The reason why I don't like this argument (that you can just take into account MP at higher costs) is that this is tantamount to saying that we could very well rank IGG on the $2 list. Why can't you just take into account that it costs more? As Robz earlier demonstrated when he began trying the LGG exercise, it's just hard. The trade-off estimation for cost is something that we've attempted to abstract away by the very method of dividing the lists according to cost.
But IGG does not have a variable cost. The "effective cost" of MP is defined on an infinite (okay, effectively infinite) domain. There is no reason to put IGG on the $2 list, while there is a reason to put Stonemason on the $2 list (namely, it doesn't belong on any other list. The presence of Stonemason on any particular list of given cost does not tell you its strength as a $2 card that allows you to overpay any amount, because you've fixed the amount of overpay. So then you say, well, you take that into account when you put it on whatever list you decided to put it on, and then I say that's my point, you take the variable overpay amount into account when you decide how good of a card it is.
If it's going to go on a list other than $3, it has to go on all of them. Otherwise you're picking arbitrarily and inaccurately.
I disagree with this. The choice is not neccesaarily arbitrary nor inaccurate. In the example with Masterpiece, I have provided reasoning again and again for why I feel $6+ is the best place for it. I could do the same for Stonemason. I CANNOT do it for Doctor, which is why I concede there. And Herald I would put on $4 anyway, so there's no disagreement there. As far as accuracy goes, I am willing to bet that Masterpiece would be bought a negligible number of times at $3, and also very rarely at $4. So, $5 or $6+? I don't know, you got me there.
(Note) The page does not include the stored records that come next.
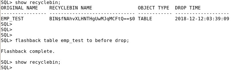 回收站是一个逻辑结构,不具有物理数据结构,只要删除的表信息记录在回收站中就可以通过闪回技术恢复删除的表。
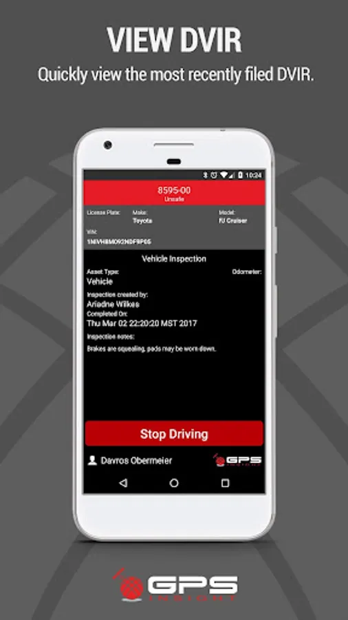 Quickly access vehicle information while on the go with the GPS Insight Driver app. As a driver for a GPS Insight-enabled vehicle, easily perform pre and post trip inspections, access your vehicle's DVIR, and sign into your vehicle all from the convenience of your Android device. The GPS Insight Driver app simplifies your non-driving activities so you can stay on the road longer.
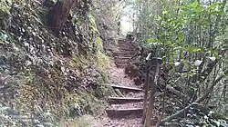 The trails (even the ones paved with concrete or using wooden planks) are not wheelchair-friendly as they invariably include stairs, narrow sections or other obstacles.
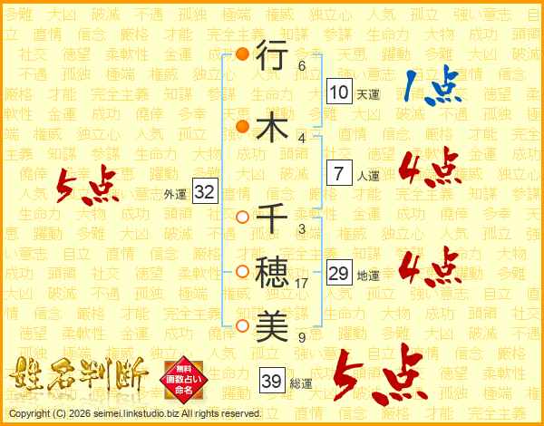 行木千穂美さんの総運は39画の5点!
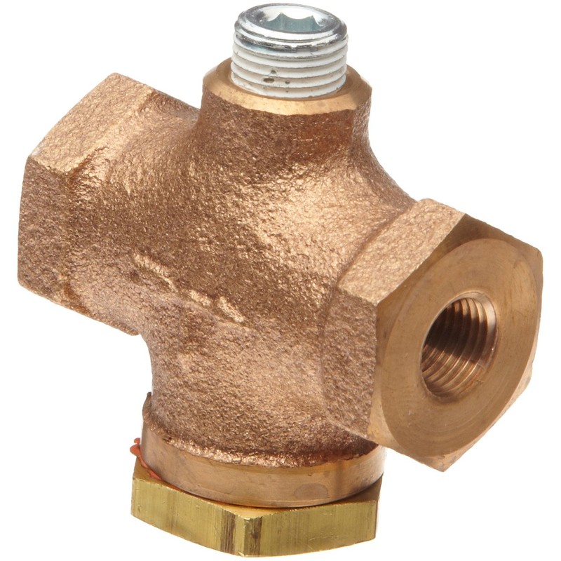 This Control Devices check valve is designed for installation into air compressor discharge lines. The valve body is made of cast brass for corrosion resistance, ductility at high temperatures, and low magnetic permeability. This valve has a glass-filled polytetrafluoroethylene (PTFE) poppet with eight discharge holes for quiet operation, and stainless steel spring. It has female NPT threads for connecting to male threaded pipes, creating a tighter seal than straight threads. The maximum pressure rating is 250 pounds per square inch (psi), and the maximum working temperature is 450 degrees Fahrenheit.
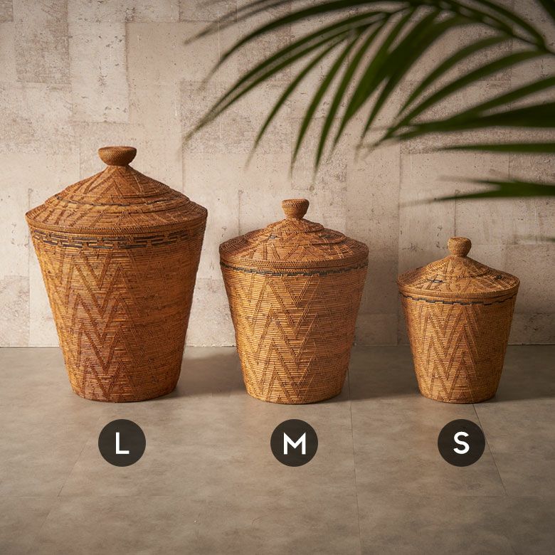 ヤシの葉で編まれた凹凸が美しい フローレスバスケットBETUNG M
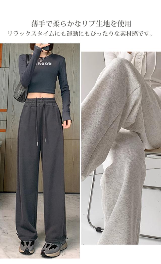 春新作 スウェットパンツ レディース ワイドパンツ ストレッチ ポケット付き ウエストゴム ボトムスロングパンツ ルームウェア 美脚 カジュアル 体型カバーゆったり 無地 リラックス 薄手 冬 秋 春 ポイント消化 母の日

But either one is more accurate that $3.
In the end, your argument seems to be "rank Masterpiece on the $3 list because that is what it says on the card". But my argument is, yes, that's what it says on the card, but that is not the cost at which it is bought.
I can't see how Masterpiece being on the $5 or $6+ list is more accurate than $3. You seem to be considering all cases of gaining a card other than when you by them during your buy phase (or Black Market) an edge case, but I think there are way too many of those cases to be considering them all edgey. Masterpiece at $3 plays differently than Masterpice at $5, even if "you'd never by it at $3," as you say. But it matters. For Swindler, for Forager, for Forge, for every trash-for-benefit card, for possible three-piling scenarios, etc. It's cost is simply $3, and that matters during the game.
Peddler has a cost of $8, but no one has ever bought a Peddler for $8 (okay, maybe it's happened about as often as Halley's comet comes). It's most often bought for $2 or $0. But it really matters that it's an $8 card.. it's very important in a non-trivial amount of cases. Heck, the article on dominionstrategy about Peddler specifically keyed in that it's $8 price point was a big deal for trashing-with-cost-consideration scenarios. Now even moreso with Butcher and Stonemason (turning a Peddler into two Grand Markets is cool).
I don't agree with your premise that "that number on the card" is just a technicality. It's an important part of the mechanics of the game.